Start of Given entries

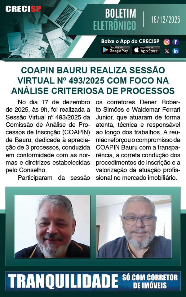COAPIN Bauru realiza sessão virtual Nº 493/2025
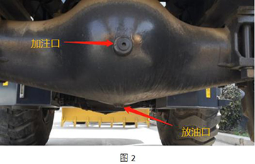 6、     工作完成后,將車輛停平穩(wěn),拉緊手制動,將前后橋的放油塞(圖2)堵拆下,放出橋包里的油液,用備用桶收集并妥善處理。將塞堵清理干凈。
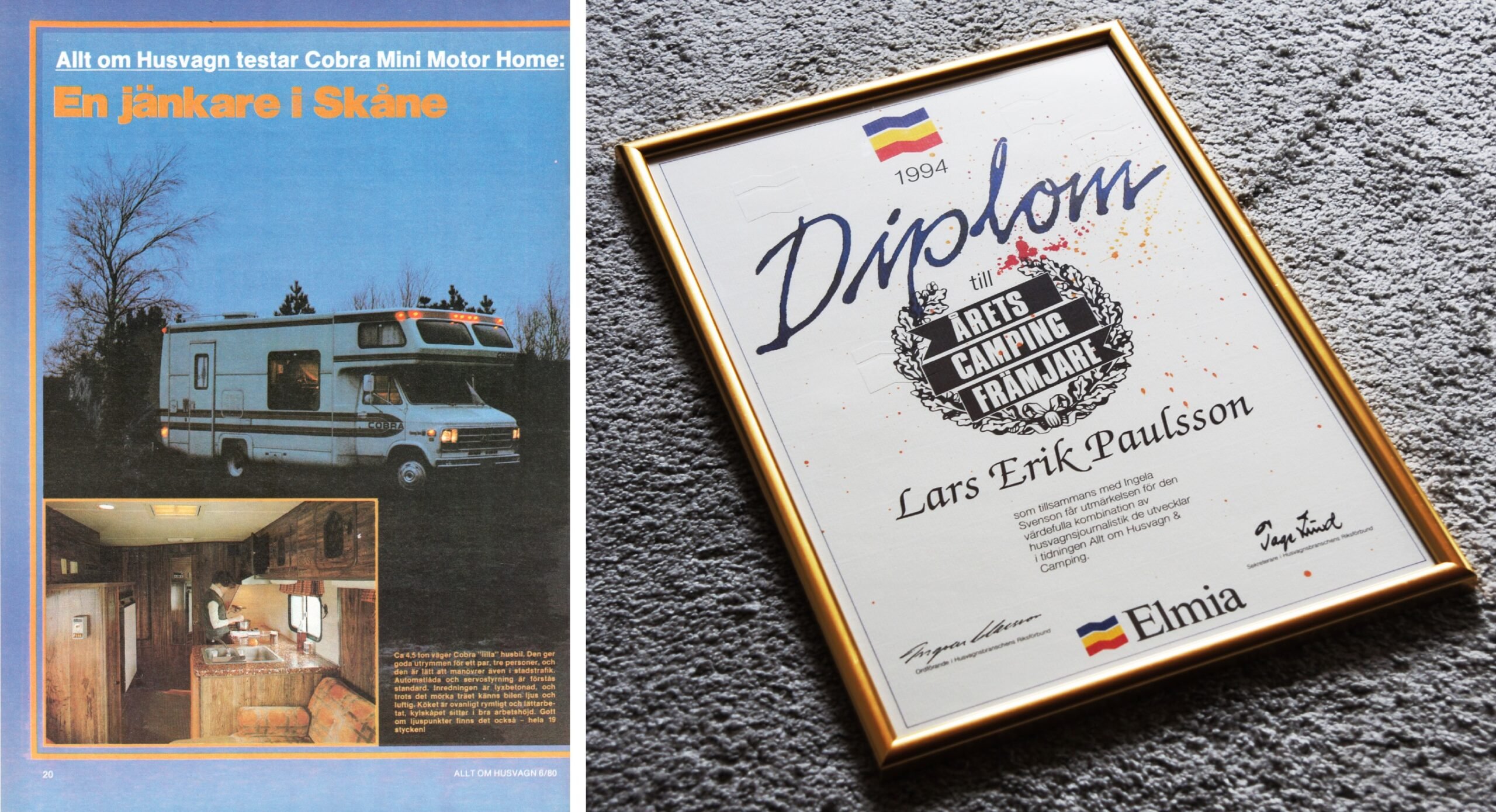 – När jag nu i efterhand tittar tillbaka på dessa år är det enbart med glädje, men också med tacksamhet. Glädje över att förhoppningsvis ha skänkt tidningens läsare givande stunder, men också tacksamhet över allt jag fått uppleva – både under våra reportage- och studieresor till husvagns- och husbilstillverkare, men också vid besök på otaliga mässor. Tacksam är jag också över att jag, tillsammans med en av tidningens dåvarande frilansare, Ingela Svenson, år 1994 av Husvagnsbranschens Riksförbund och Elmia utsågs till ”Årets Campingfrämjare”.
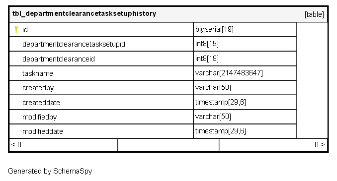 | tbl_departmentclearancetasksetuphistory_pk__tbl_depa__3214ec071 | Primary key | Asc | id |
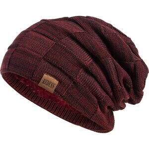 REDESS Beanie Skull Cap Hat Unisex Fleece Lined Knit Slouchy Thick Red Wine
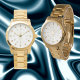 Add personalized details to this attractive gold themed watch for women.
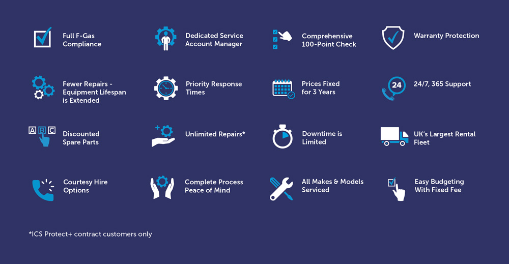 ICS Service, ICS Service+, ICS Protect and ICS Protect+, offering partial to full coverage for all brands and models of temperature control equipment.
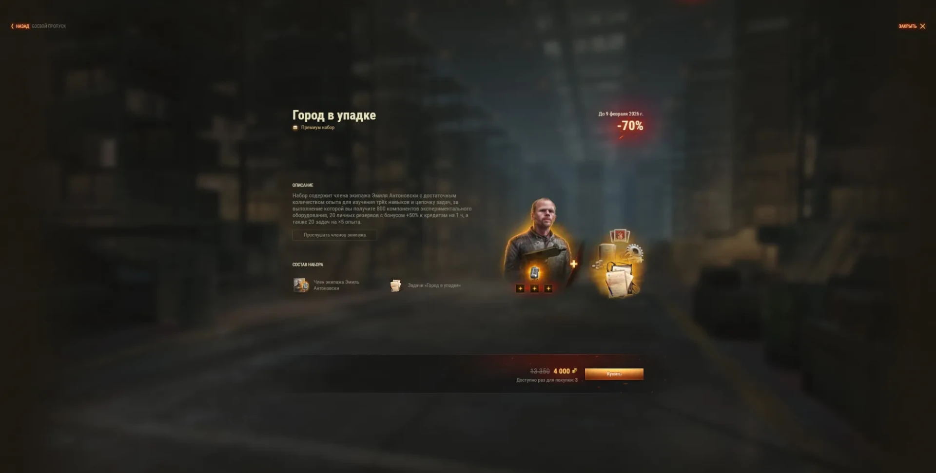 Наборы содержат уникальных членов экипажа, элементы кастомизации, резервы, боевые задачи на x5 опыта и специальные задачи на доп. имущество.

End of Given entries

• Problem description: Without the pictures, please reproduce each line of the listing above exactly, from the first one through the line bearing "nu i efterhand".

• Answer to this exercise:
COAPIN Bauru realiza sessão virtual Nº 493/2025
 6、     工作完成后,將車輛停平穩(wěn),拉緊手制動,將前后橋的放油塞(圖2)堵拆下,放出橋包里的油液,用備用桶收集并妥善處理。將塞堵清理干凈。
 – När jag nu i efterhand tittar tillbaka på dessa år är det enbart med glädje, men också med tacksamhet. Glädje över att förhoppningsvis ha skänkt tidningens läsare givande stunder, men också tacksamhet över allt jag fått uppleva – både under våra reportage- och studieresor till husvagns- och husbilstillverkare, men också vid besök på otaliga mässor. Tacksam är jag också över att jag, tillsammans med en av tidningens dåvarande frilansare, Ingela Svenson, år 1994 av Husvagnsbranschens Riksförbund och Elmia utsågs till ”Årets Campingfrämjare”.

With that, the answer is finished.